24.07.2024 – 07.01 – Afa, ondate di calore o al più leggere brezze che si dissipano man mano che la giornata procede. O, in alternativa, un cielo rannuvolato che tuona, senza però concedere il sollievo della pioggia. Sono le ultime giornate a Trieste e in Friuli Venezia Giulia; problematiche alle quali si aggiunge ora la concentrazione di ozono. Il borino degli ultimi giorni ha permesso di rimescolare le masse d’aria, diradando una concentrazione di gas ozono che iniziava ad essere problematica. Infatti, proprio negli ultimi giorni, erano stati superati i 120 microgrammi per metro cubo, considerati una soglia oltre la quale insorgono diversi problemi di salute. Sostanza infatti naturale l’ozono, questa però se presente in grandi quantità può causare difficoltà per bambini e persone over sessanta; o ancora per chi soffre di problemi respiratori.

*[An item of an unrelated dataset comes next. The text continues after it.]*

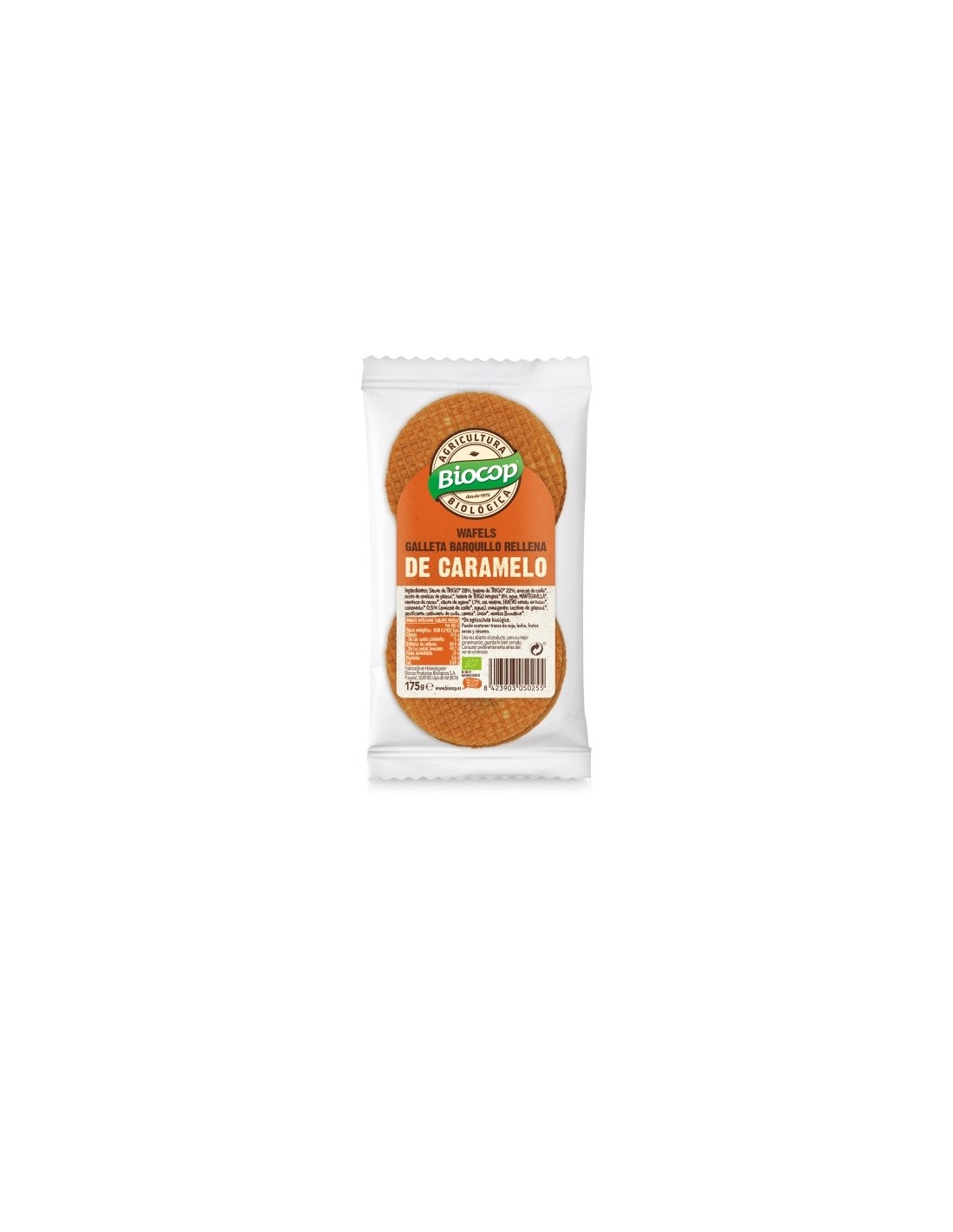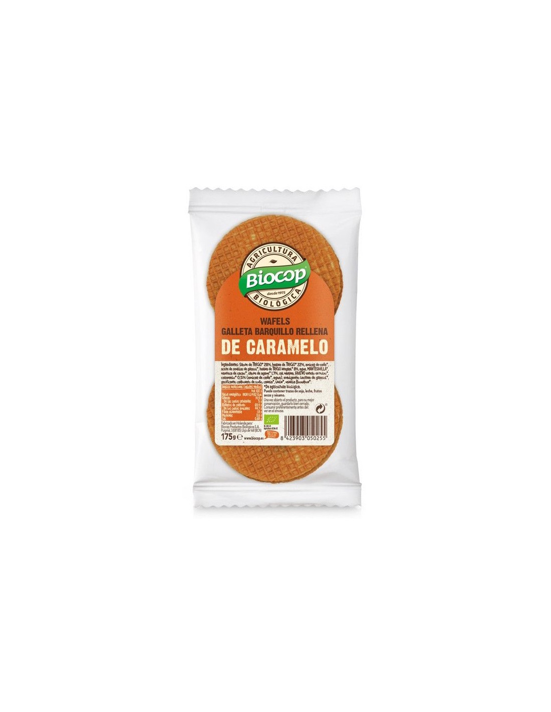 Ingredientes:Sirope de Trigo* 28%, harina de Trigo* 22%, azúcar de caña*, aceite de semillas de girasol*, harina de Trigo integral* 8%, agua, Mantequilla*, manteca de cacao*, sirope de agave* 1.7%, sal marina, Huevo entero en polvo*, caramelo* 0.5% (azúcar de caña*, agua), emulgente: lecitina de girasol*, gasificante: carbonato de sodio, canela*, limón*, vainilla Bourbon*. (*) De cultivo ecológico.Valor nutricional por 100 gramos:
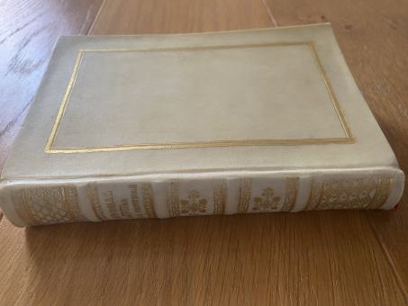 Pergament der Zeit mit üppiger Rückenvergoldung und -titel (Schön erhalten; vorderer und hinterer Deckel etwas aufgebogen).

I livelli elevati di ozono e un’esposizione lunga possono generare irritazioni ai polmoni, alla gola, al naso e agli occhi; lo si avverte in special modo durante gli esercizi fisici. Naturalmente, in un ambiente esterno, i rischi connessi all’ozono sono sempre relativi e variano da persona a persona. In generale appare preferibile evitare di rimanere in luoghi soleggiati chiusi o all’aria apertura durante le ore ‘calde’ quando l’ozono raggiunge le massime concentrazioni; evitare inoltre l’attività fisica intensa in luoghi soleggiati, in quanto il respiro accelerato favorisce l’assorbimento dell’ozono e in generale ventilare gli ambienti chiusi quando permane il fresco alla mattina presto o alla sera.
Ricordiamo che l’ozono è comunque un inquinante definito ‘secondario’, perchè si forma a seguito di reazione fotochimica di altri inquinanti come ossido di azoto e composti organici volatili, sotto la luce del sole. Il fenomeno è di solito regionale, senza variare troppo di città in città; in Friuli Venezia Giulia appare particolarmente concentrato a Lignano, Grado e al confine con il Veneto.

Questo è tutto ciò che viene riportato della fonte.